● **Description of the task**:
Look below for the line with "아래 사진에서 빨간 네모로"; begin the copy there and stop after the line with "Platsbyggd glasvitrin/avdelare, specialritad", keeping the text exact and the pictures out.

● **Stored data**:
_ _ _

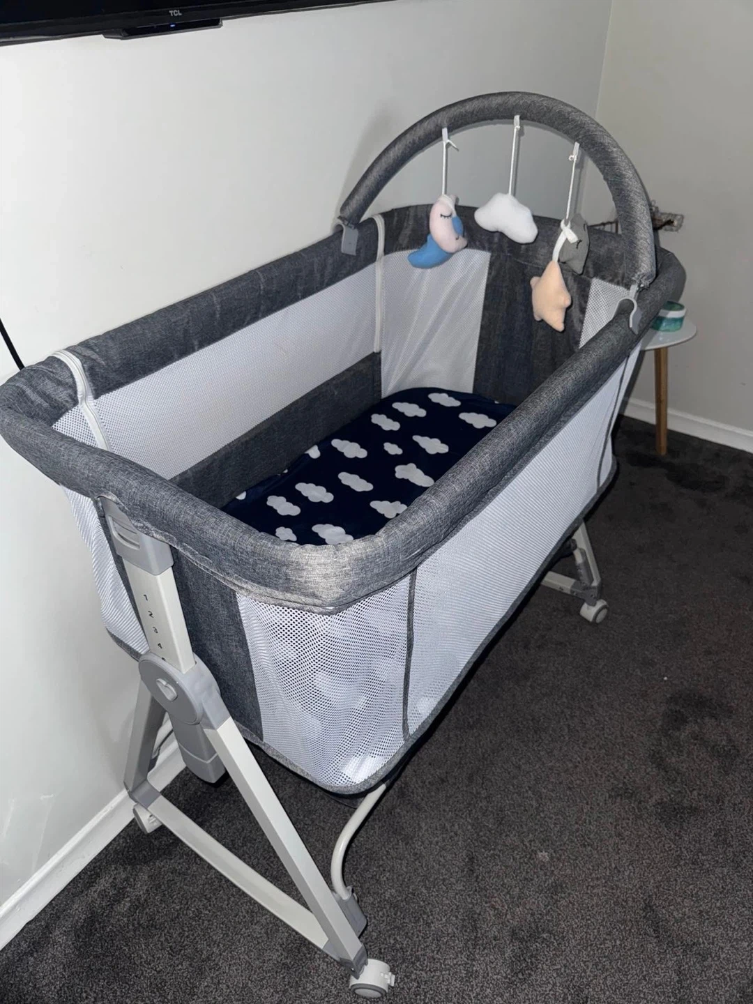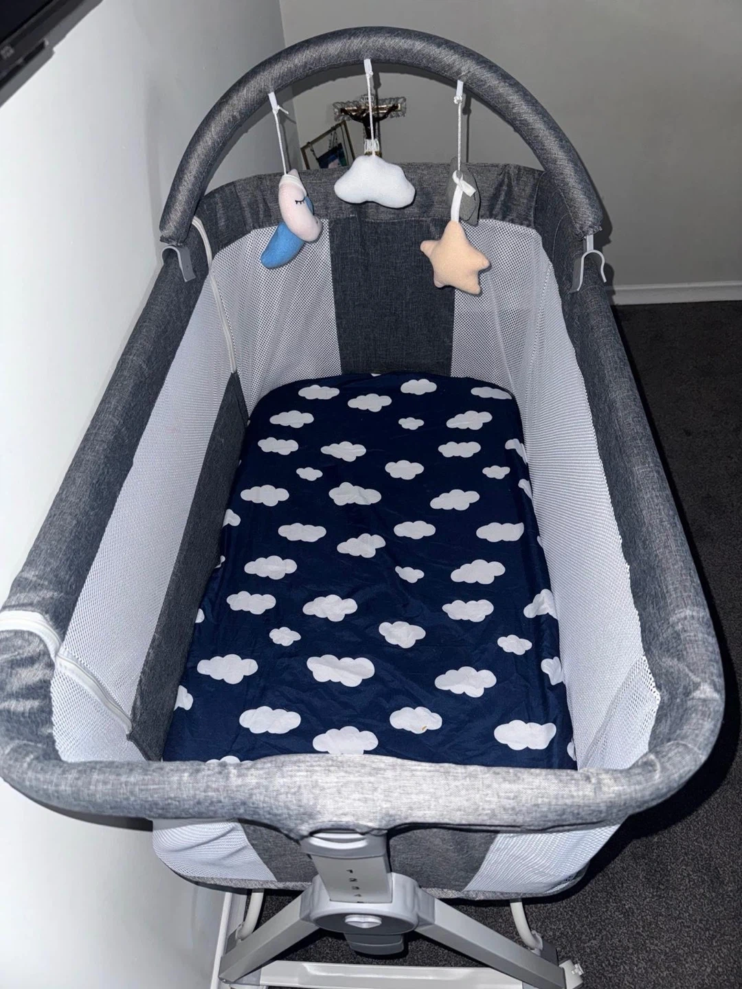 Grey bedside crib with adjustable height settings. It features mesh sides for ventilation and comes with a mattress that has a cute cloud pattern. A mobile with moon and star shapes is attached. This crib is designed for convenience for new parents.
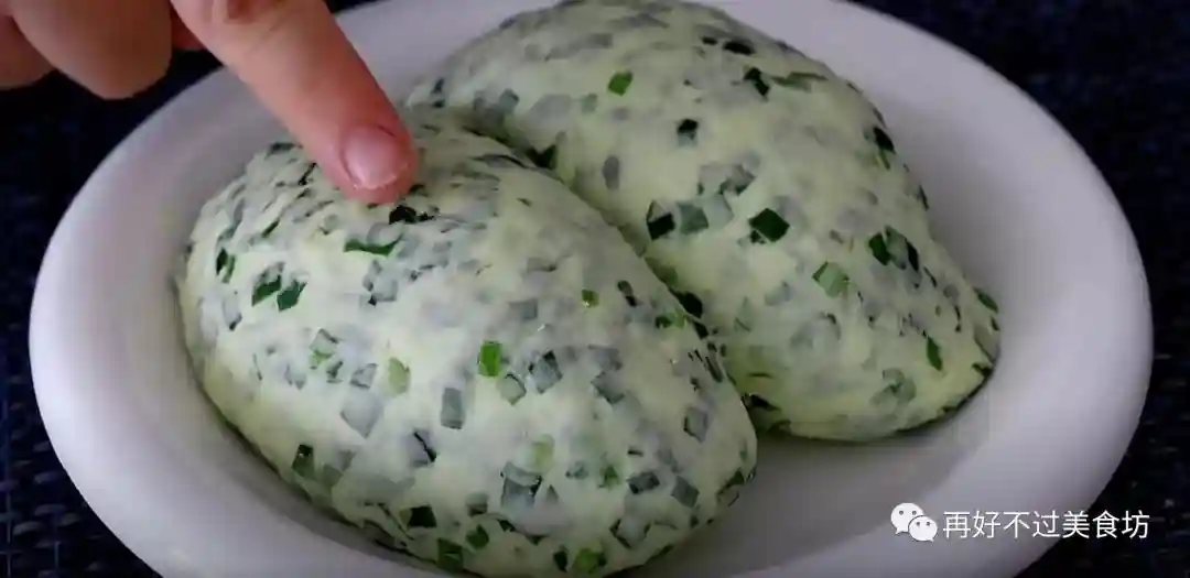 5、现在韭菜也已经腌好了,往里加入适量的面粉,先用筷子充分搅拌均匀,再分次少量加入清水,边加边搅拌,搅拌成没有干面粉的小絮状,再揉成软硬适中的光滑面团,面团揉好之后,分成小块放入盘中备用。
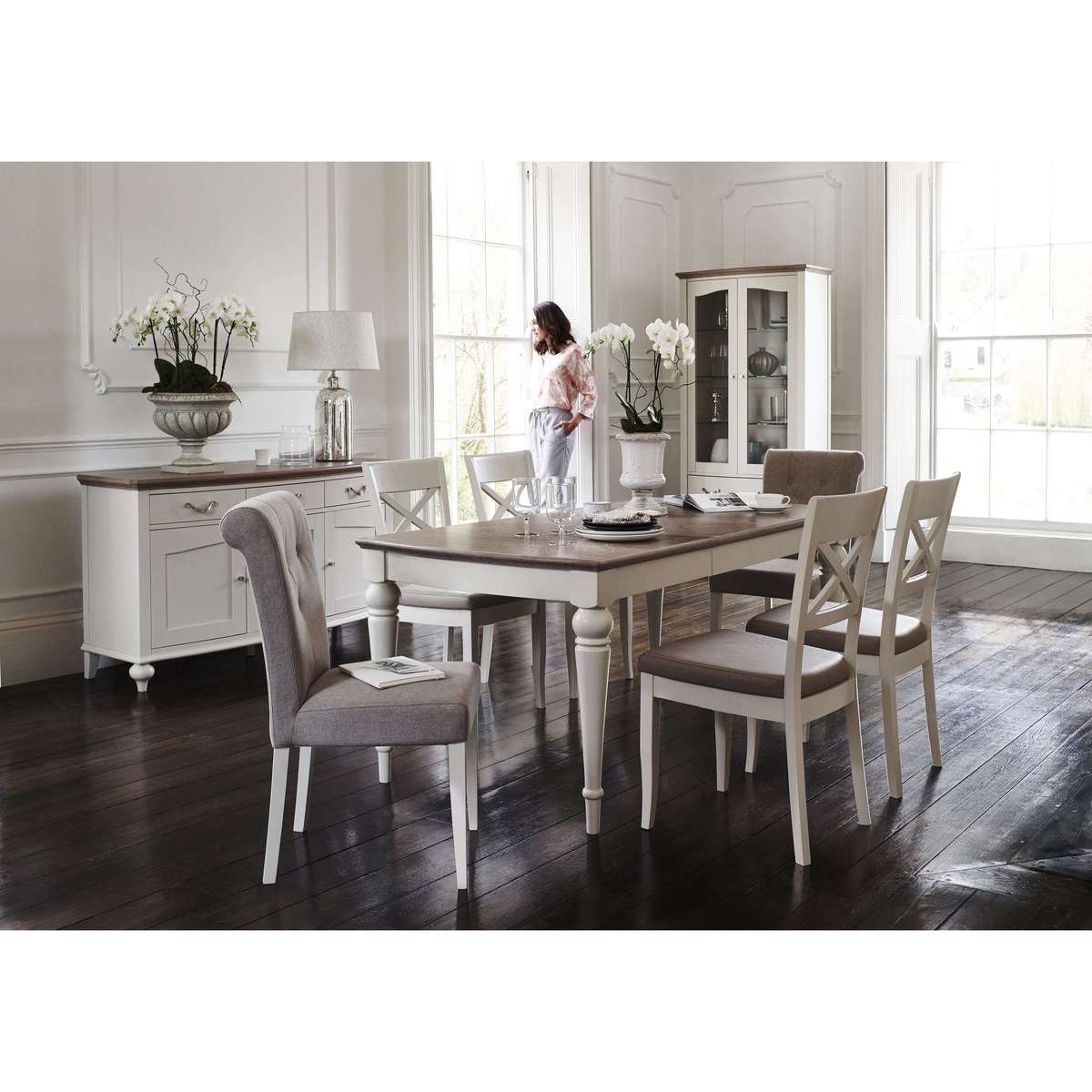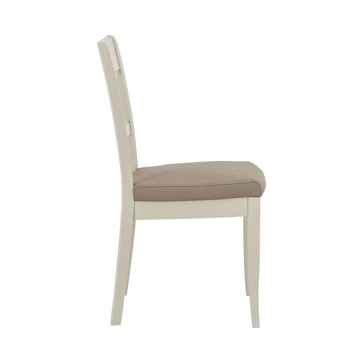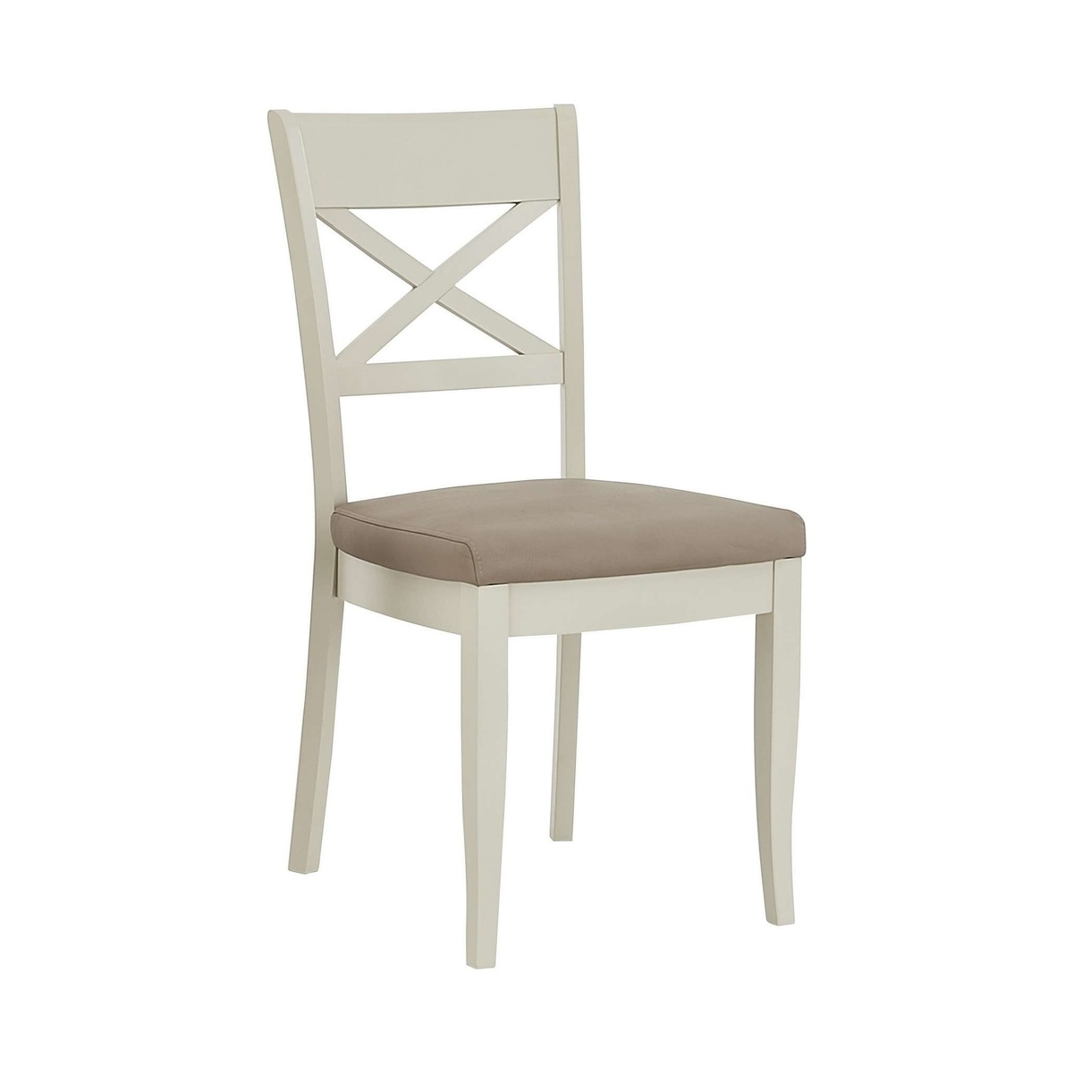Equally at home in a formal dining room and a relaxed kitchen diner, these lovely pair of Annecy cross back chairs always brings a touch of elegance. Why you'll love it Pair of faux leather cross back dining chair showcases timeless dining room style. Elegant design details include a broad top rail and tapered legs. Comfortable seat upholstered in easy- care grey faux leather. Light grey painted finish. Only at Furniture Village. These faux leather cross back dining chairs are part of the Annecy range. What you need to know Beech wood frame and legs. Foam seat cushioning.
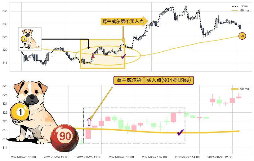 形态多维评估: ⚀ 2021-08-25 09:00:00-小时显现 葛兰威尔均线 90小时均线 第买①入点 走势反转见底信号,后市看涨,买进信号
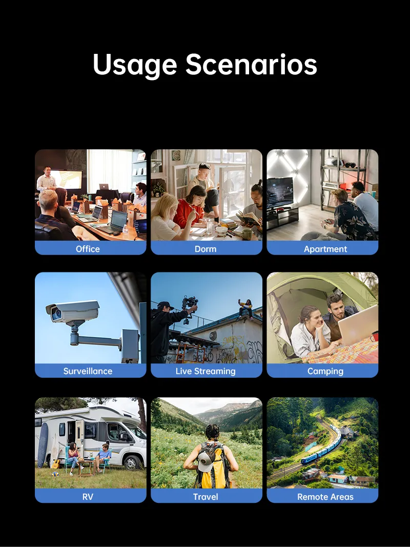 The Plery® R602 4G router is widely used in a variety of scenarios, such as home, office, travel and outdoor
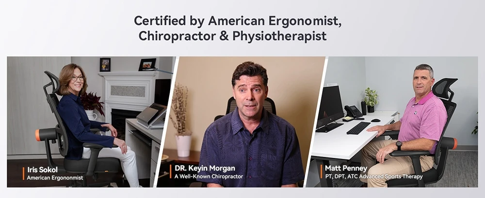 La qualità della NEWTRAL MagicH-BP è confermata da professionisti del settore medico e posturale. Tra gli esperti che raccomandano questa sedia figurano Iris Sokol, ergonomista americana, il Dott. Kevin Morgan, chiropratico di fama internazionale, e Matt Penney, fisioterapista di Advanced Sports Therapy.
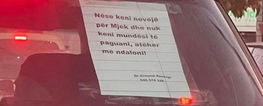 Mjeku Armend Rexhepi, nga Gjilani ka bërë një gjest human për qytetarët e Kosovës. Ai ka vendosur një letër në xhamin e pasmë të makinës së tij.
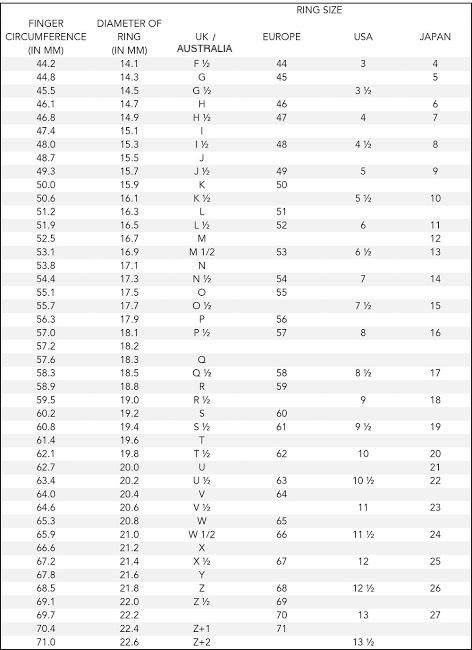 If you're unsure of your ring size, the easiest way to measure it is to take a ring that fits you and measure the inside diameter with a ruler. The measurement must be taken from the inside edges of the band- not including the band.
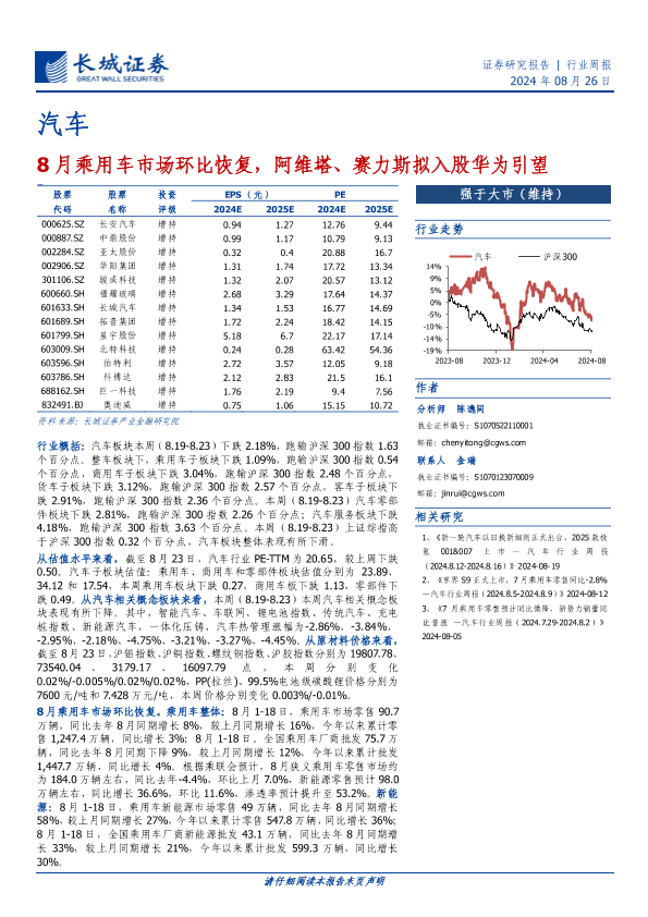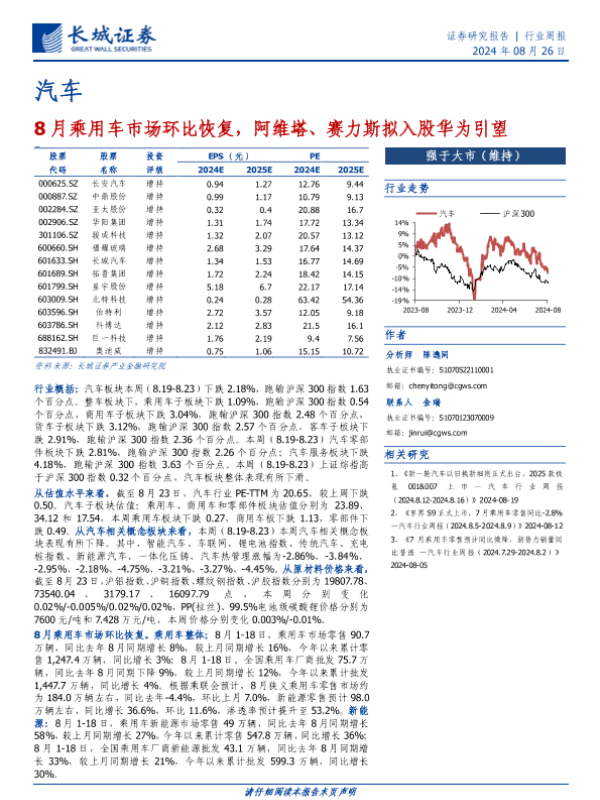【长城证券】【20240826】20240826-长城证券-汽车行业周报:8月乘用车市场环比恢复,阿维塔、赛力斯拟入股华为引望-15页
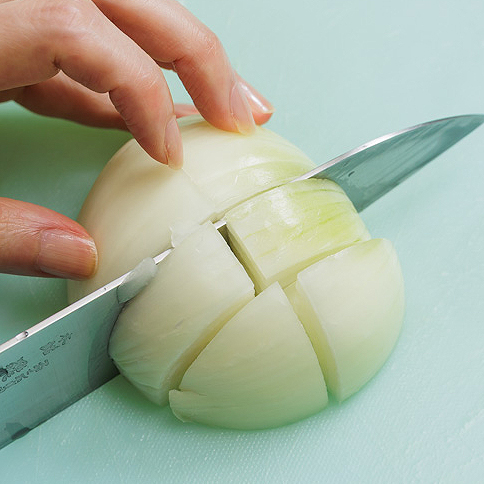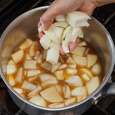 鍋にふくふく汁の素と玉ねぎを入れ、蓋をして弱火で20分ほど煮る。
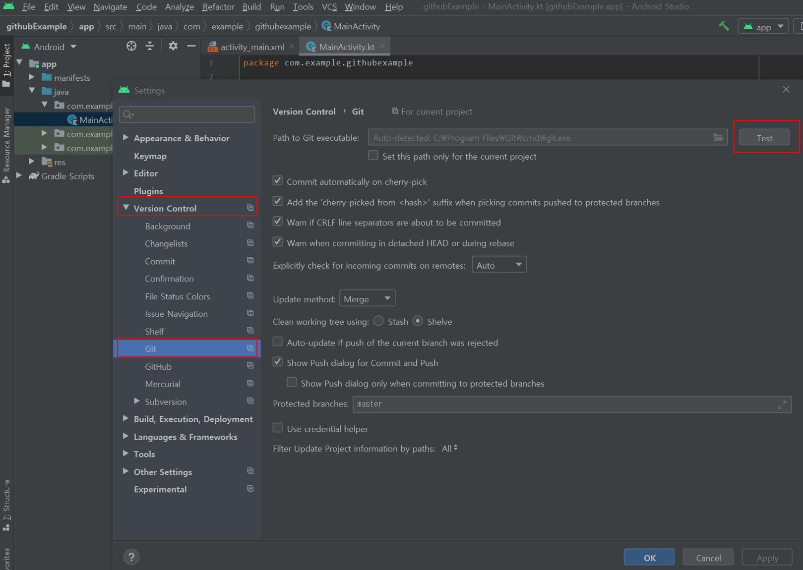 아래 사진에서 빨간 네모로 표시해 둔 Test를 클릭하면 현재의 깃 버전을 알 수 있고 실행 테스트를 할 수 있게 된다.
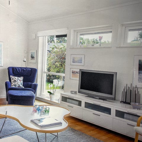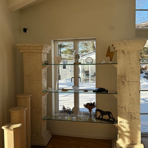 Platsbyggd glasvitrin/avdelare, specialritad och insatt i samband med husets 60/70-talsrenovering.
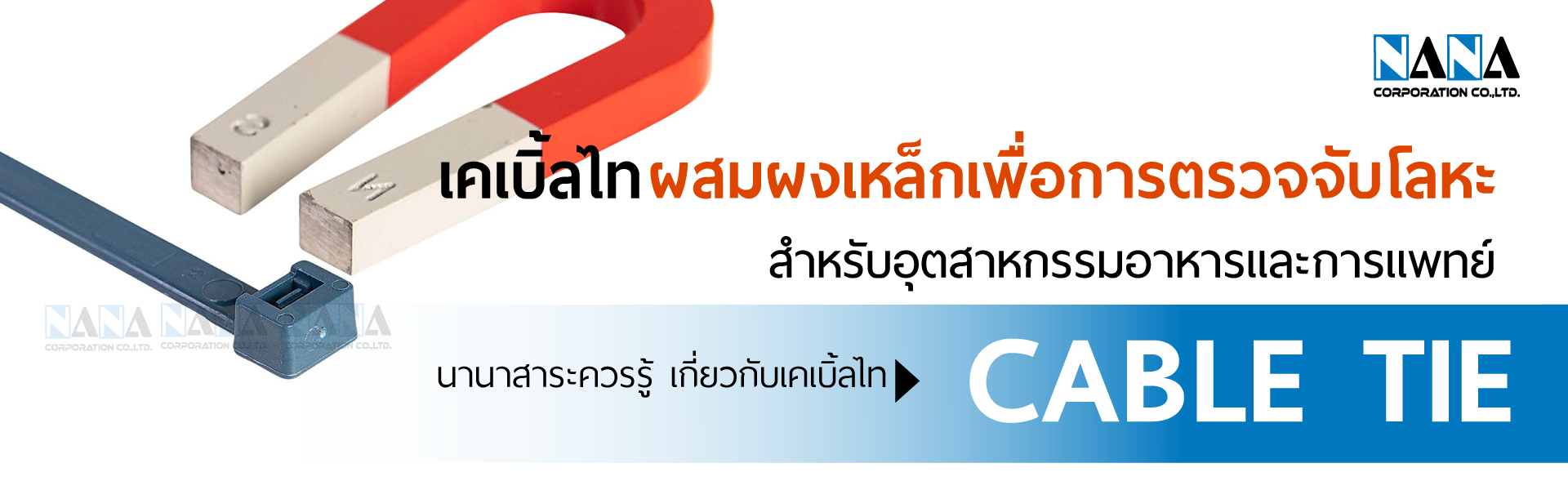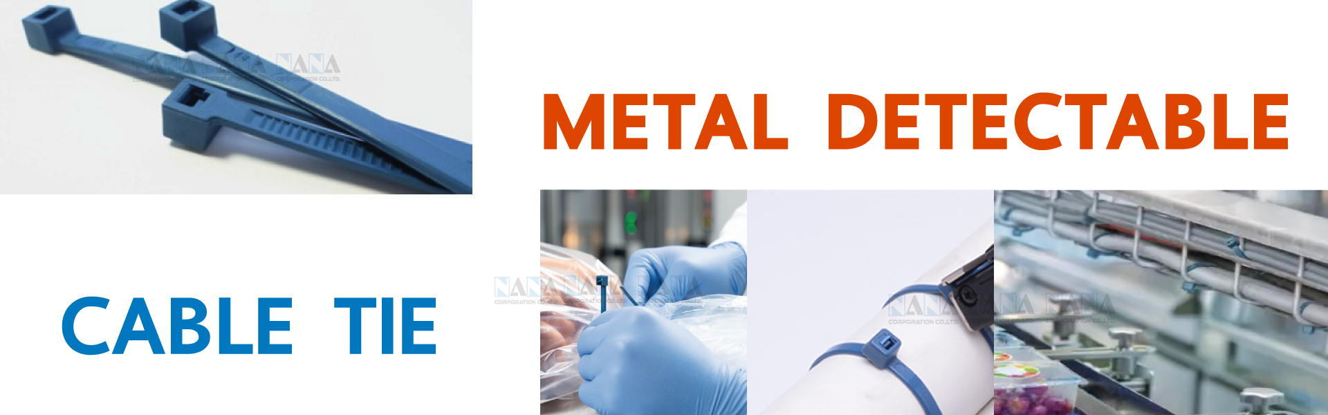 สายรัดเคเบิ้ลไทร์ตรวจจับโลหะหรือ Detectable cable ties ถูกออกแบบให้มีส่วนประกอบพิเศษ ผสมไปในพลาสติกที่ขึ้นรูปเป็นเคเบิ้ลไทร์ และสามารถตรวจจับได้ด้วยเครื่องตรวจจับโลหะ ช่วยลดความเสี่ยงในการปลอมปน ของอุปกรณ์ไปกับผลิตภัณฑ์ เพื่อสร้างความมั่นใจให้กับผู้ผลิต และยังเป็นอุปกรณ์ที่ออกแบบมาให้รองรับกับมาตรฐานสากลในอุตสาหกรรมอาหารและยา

_ _ _

● **Solution to this exercise**:
 아래 사진에서 빨간 네모로 표시해 둔 Test를 클릭하면 현재의 깃 버전을 알 수 있고 실행 테스트를 할 수 있게 된다.
 Platsbyggd glasvitrin/avdelare, specialritad och insatt i samband med husets 60/70-talsrenovering.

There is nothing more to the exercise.